Il Wall Street Journal rivela la storia della cessione di una parte del colosso chimico americano ad Huafong. Nonostante le numerose precauzioni, una falla nel sistema avrebbe (in teoria) permesso all’azienda cinese di ottenere dati sensibili. E di beffare gli organi di controllo Usa

Nel confronto economico, politico e tecnologico in corso tra Washington e Pechino, la difesa dell’expertise interno ricopre un ruolo fondamentale. Le amministrazioni statali hanno istituito vere e proprie muraglie di controllo, con annessi organismi di gestione appositi, per evitare che il proprio vantaggio tecnologico possa essere sfruttato dal competitor. Ovviamente sono gli Stati Uniti, che ancora detengono la supremazia tecnologica mondiale, che si trovano più spesso della controparte cinese a dover difendere il proprio know-how, sia nel settore pubblico che in quello privato. E in quest’opera erculea, è fisiologico che si venga a creare qualche falla.

La DuPont, nota azienda chimica americana, potrebbe essere protagonista del verificarsi di una di queste falle, secondo quanto riportato dal Wall Street Journal. Negli ultimi anni, la società aveva condotto sperimentazioni nel campo bio-ingegneristico e dei biomateriali, creando così un liquido capace di essere a sua volta trasformato in numerosi prodotti, il BioPDO.  Uno di questi è stato registrato all’ufficio brevetti col nome di “Sorona”. I vantaggi di Sorona sono indiscutibili: mentre il poliestere è tanto economico quanto rigido, e il nylon è si esistente ma anche costoso, Sorona sembra avere le caratteristiche positive di entrambi, senza gli svantaggi associati. Un vero e proprio game-changer nel mercato dei vestiti e della tappezzeria.

Nel 2017 DuPont si fonde con Dow Chemical, fusione che porta ad una revisione dell’intera struttura aziendale.

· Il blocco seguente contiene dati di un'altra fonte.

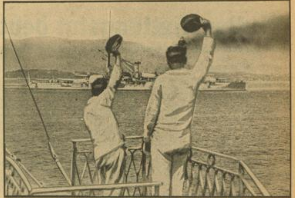
Französische Flottenmanöver im Mittelmeer Matrosen grüßen das Flaggschiff „Lorraine“ beim Verlassen des Hafens von Toulon.

Schließlich weist der Korrespondent der „Morning Post“ zu melden, es könne kein Zweifel bestehen, daß die französischen Generalstabe in dem Abkommen mit England einen wertvollen Schulfall für eine gegenseitige Unterstützung „bei einer zukünftigen ernstlichen Gelegenheit“ sehen. Diese Erwägung spiele eine immer wichtigere Rolle.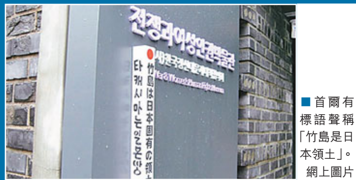
首爾有標語聲稱「竹島是日本領土」。網上圖片

韓日打外交口水戰之際，首爾前日驚現「竹島是日本領土」木樁，以及用日、韓、英文書寫的反韓標語。警方在閉路電視畫面，發現疑犯為20至50多歲的日本男子。 ■韓聯社/共同社/中央社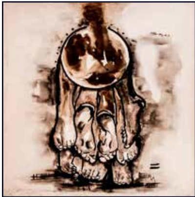
82x92 acrylique, café sur toile 550 000 Fcfa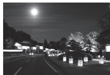
▲塩見縄手に並べられた行灯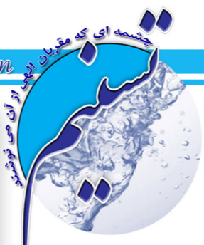
نشریه داخلی شرکت آب و فاضلاب استان قزوین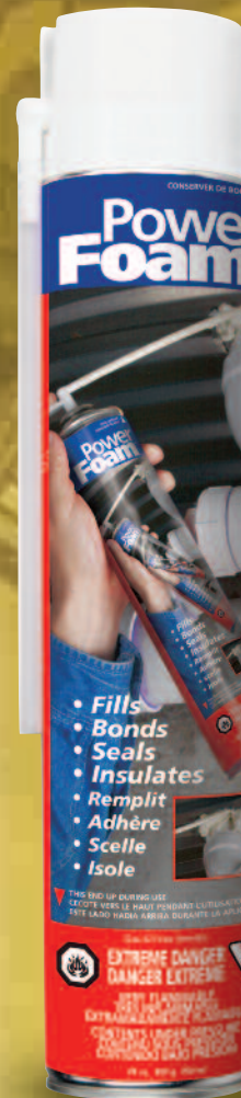
Espuma de 12 oz. para aplicación con tubo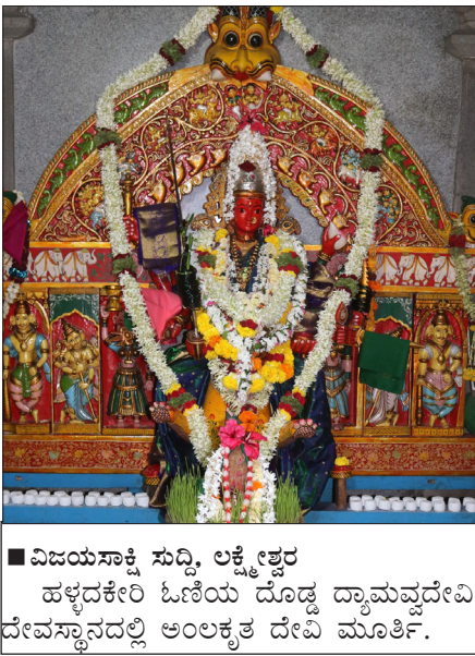
■ ವಿಜಯಸಾಕ್ಷಿ ಸುದ್ದಿ, ಲಕ್ಕೇಶ್ವರ ಹಳ್ಳದಕೇರಿ ಓಣಿಯ ದೊಡ್ಡ ದ್ರಾಮವ್ಯವೇವಿ ದೇವಸ್ಥಾನದಲ್ಲಿ ಅಂಲಕೃತ ದೇವಿ ಮೂರ್ತಿ.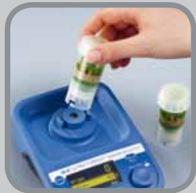
ШАГ 7 Пробирка снимается с прищипки.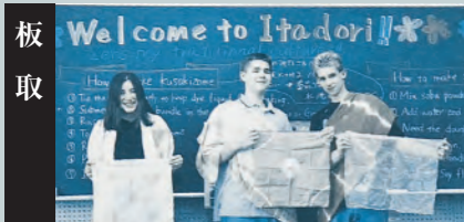
平成元年、アメリカ・アラスカ州ノースポール市と姉妹都市提携を締結、板取中学校3年生がアラスカ研修に行きました。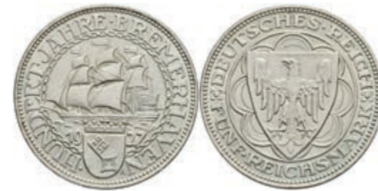
272 5 Reichsmark, 1927, Bremerhaven, kl. Rf., vz+. J. 326 280,—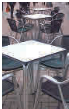
Mesas en terrazas

El consejero ha destacado el "gran esfuerzo" que en este sentido está realizando la Consejería de Sanidad, "que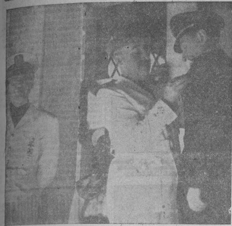
Sr. E. el Jefe del Estado, imponiendo la Medalla de la Vieja Guardia al Secretario General del Partido, don José Arrese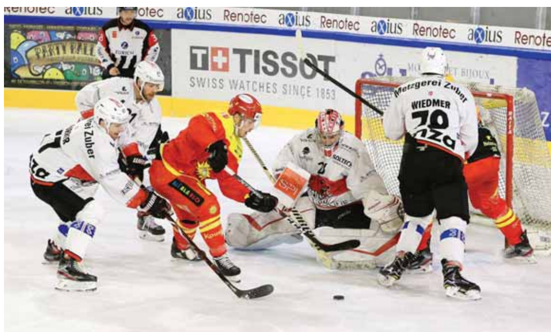
Le HC Sierre a réalisé un bon championnat en tant que néo-promu en Swiss League. Il faudra qu'il réédite une telle performance la saison prochaine... en mieux. Son but est les play-off.

Nella nuova versione non viene incluso il settore dei biomateriali, così DuPont mette sul mercato la parte dell’azienda ad essi relativa. A mostrarsi interessato è il gruppo Huafon, un marchio cinese tra i maggiori produttori al mondo di poliuretano, con cui DuPont sigla un accordo, annunciato nell’autunno del 2020 senza rivelare chi fosse l’acquirente. Così da avere più speranze di superare il vaglio della burocrazia.

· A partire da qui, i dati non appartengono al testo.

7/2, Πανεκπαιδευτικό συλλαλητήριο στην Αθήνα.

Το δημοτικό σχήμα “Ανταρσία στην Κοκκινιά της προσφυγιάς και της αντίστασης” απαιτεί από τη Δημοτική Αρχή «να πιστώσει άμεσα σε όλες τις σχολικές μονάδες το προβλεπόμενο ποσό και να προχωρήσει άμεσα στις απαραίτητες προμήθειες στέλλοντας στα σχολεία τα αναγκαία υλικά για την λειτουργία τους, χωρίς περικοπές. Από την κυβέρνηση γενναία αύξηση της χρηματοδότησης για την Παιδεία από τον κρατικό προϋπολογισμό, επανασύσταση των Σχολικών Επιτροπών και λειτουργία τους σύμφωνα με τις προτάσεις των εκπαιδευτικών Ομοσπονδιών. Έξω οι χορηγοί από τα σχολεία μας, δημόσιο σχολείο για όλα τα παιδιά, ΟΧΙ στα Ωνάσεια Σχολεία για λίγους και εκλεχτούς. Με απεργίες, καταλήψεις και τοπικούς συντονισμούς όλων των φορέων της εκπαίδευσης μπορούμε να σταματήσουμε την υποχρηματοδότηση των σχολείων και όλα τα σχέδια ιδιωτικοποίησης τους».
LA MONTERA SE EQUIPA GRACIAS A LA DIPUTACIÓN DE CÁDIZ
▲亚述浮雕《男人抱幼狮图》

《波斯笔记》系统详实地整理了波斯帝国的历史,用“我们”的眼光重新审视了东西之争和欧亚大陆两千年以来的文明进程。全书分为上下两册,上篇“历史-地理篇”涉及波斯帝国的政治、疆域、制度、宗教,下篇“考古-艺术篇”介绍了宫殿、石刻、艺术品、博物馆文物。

Il Comitato sugli investimenti esteri negli Stati Uniti (Cfius), l’organo federale responsabile di controllare che nessun materiale sensibile venga acquisito da potenze straniere tramite vie economiche, è composto da due anime principali: quella legata al Pentagono, che persegue un approccio più rigido in nome della sicurezza nazionale, e quella legata ai dipartimenti del Commercio e del tesoro, più interessate a favorire l’economia e il libero scambio. Nel caso della DuPont è la prima anima a prevalere, e una volta scoperto chi fosse l’acquirente sia l’azienda americana che quella cinese vengono obbligate a fornire le giuste garanzie per poter concludere la trattativa con esito positivo, dopo aver in un primo momento tentato di forzare DuPont a trovare un altro acquirente con passaporto americano. Le preoccupazioni sono legate al possibile impiego in ambito militare di questi materiali innovativi.

Alla fine, viene trovata una formula considerata accettabile dall’organo federale statunitense: nell’acquisto non sarà compreso l’accesso al processo di fermentazione proprietario utilizzato da DuPont per produrre il BioPDO. Per soddisfare questa condizione, deve creare una nuova holding registrata negli Stati Uniti, chiamata Covation Inc. Sotto l’ombrello di questa società vengono create altre due entità: Covation Biomaterials, che detiene la maggior parte degli asset dell’attività di DuPont nel settore dei biomateriali, e CovaPDO, una piccola entità detentrice dei segreti del processo produttivo di BioPDO a cui Huafon non può avere accesso. La società cinese e le tre società di Covation firmano con Cfius il cosiddetto “accordo di sicurezza nazionale”, impegnandosi a rispettare tali condizioni. Con la benedizione di Cfius, DuPont e Huafon concludono la compravendita nel maggio del 2022.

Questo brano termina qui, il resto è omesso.